***** RECORDED INFORMATION

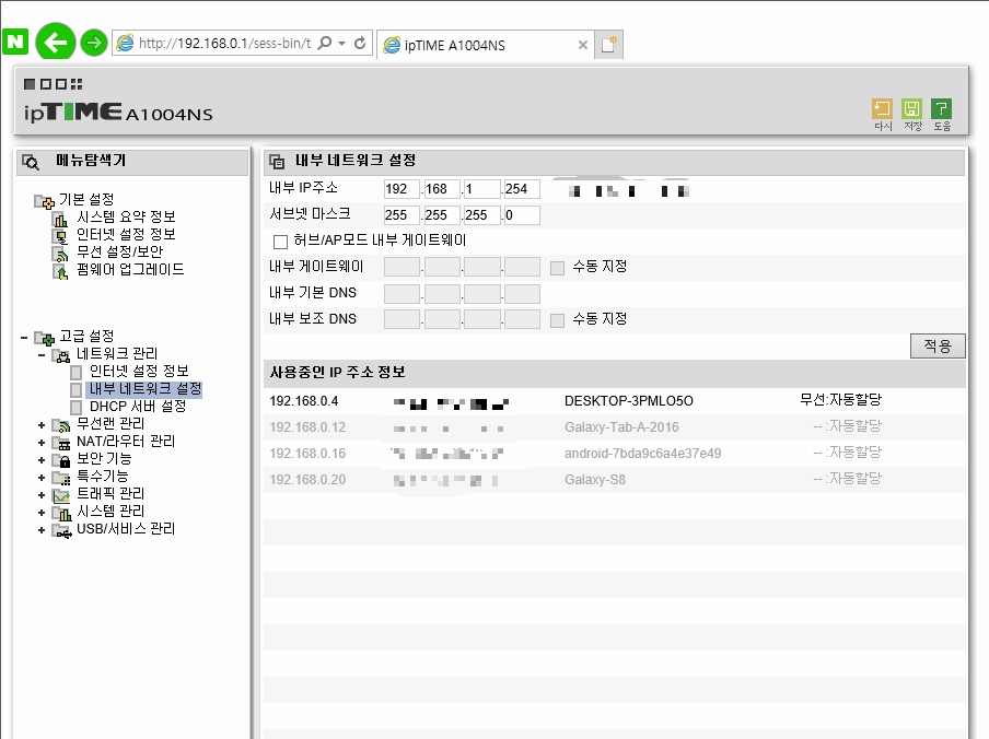 (아이피타임공유기의 경우 : 고급설정 - 네트워크 관리 - 내부 네트워크 설정)
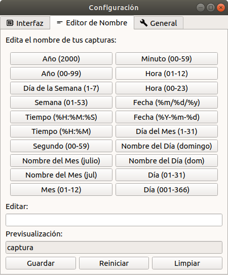 La primera, Interfaz, no es que permita hacer gran cosa, pero puedes echarle un ojo si quieres. La segunda, Editor de Nombre, te permite parametrizar el nombre con el que se guarden las capturas que vayas haciendo (básicamente en función de la fecha), y en General podrás indicar que arranque Flameshot en el inicio del sistema.
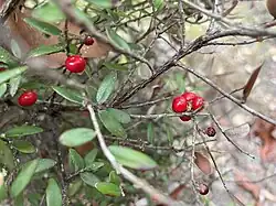 Acrotriche aggregata, commonly known as red cluster heath, tall acrotriche or tall groundberry[2] is a species of flowering plant in the family Ericaceae and is endemic to eastern Australia. It is an erect, spreading shrub, with elliptic to egg-shaped leaves, and spikes of tube-shaped, pale green, cream-coloured or white flowers, and succulent red drupes.
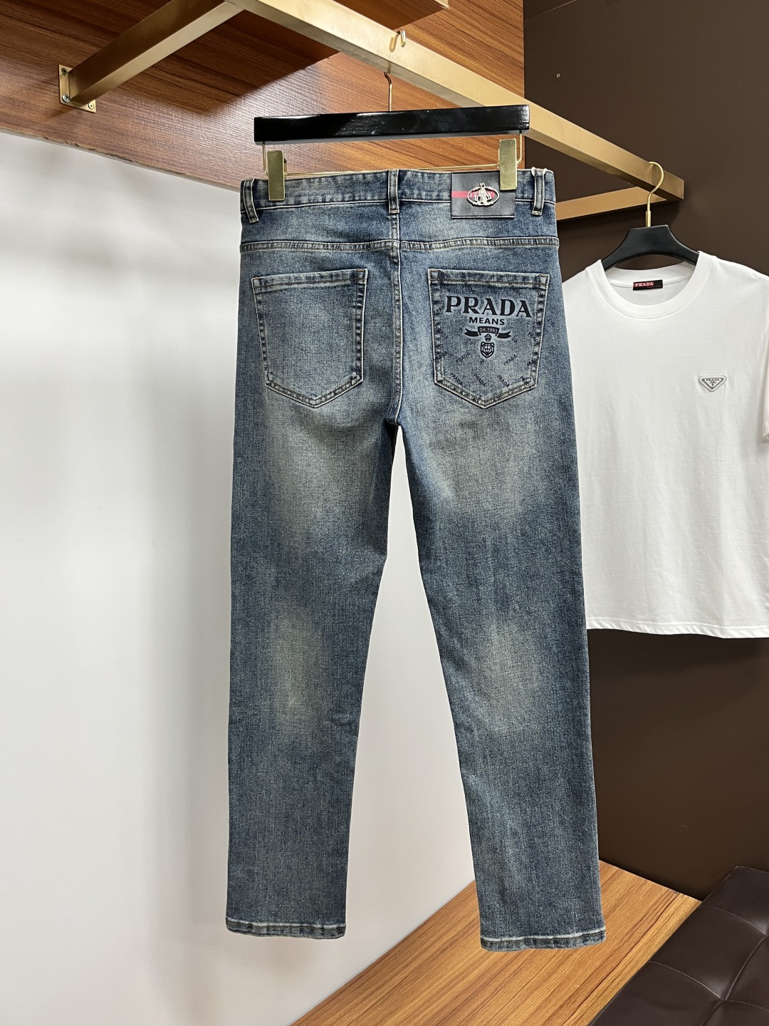 Prada 2025 Fall Men's European Business Casual Jeans. High-quality, comfortable fabric. Versatile for office or weekend wear. Slim fit, sizes 29-40.

**********

Reproduce the whole listing word for word, setting aside any pictures.

 (아이피타임공유기의 경우 : 고급설정 - 네트워크 관리 - 내부 네트워크 설정)
 La primera, Interfaz, no es que permita hacer gran cosa, pero puedes echarle un ojo si quieres. La segunda, Editor de Nombre, te permite parametrizar el nombre con el que se guarden las capturas que vayas haciendo (básicamente en función de la fecha), y en General podrás indicar que arranque Flameshot en el inicio del sistema.
 Acrotriche aggregata, commonly known as red cluster heath, tall acrotriche or tall groundberry[2] is a species of flowering plant in the family Ericaceae and is endemic to eastern Australia. It is an erect, spreading shrub, with elliptic to egg-shaped leaves, and spikes of tube-shaped, pale green, cream-coloured or white flowers, and succulent red drupes.
 Prada 2025 Fall Men's European Business Casual Jeans. High-quality, comfortable fabric. Versatile for office or weekend wear. Slim fit, sizes 29-40.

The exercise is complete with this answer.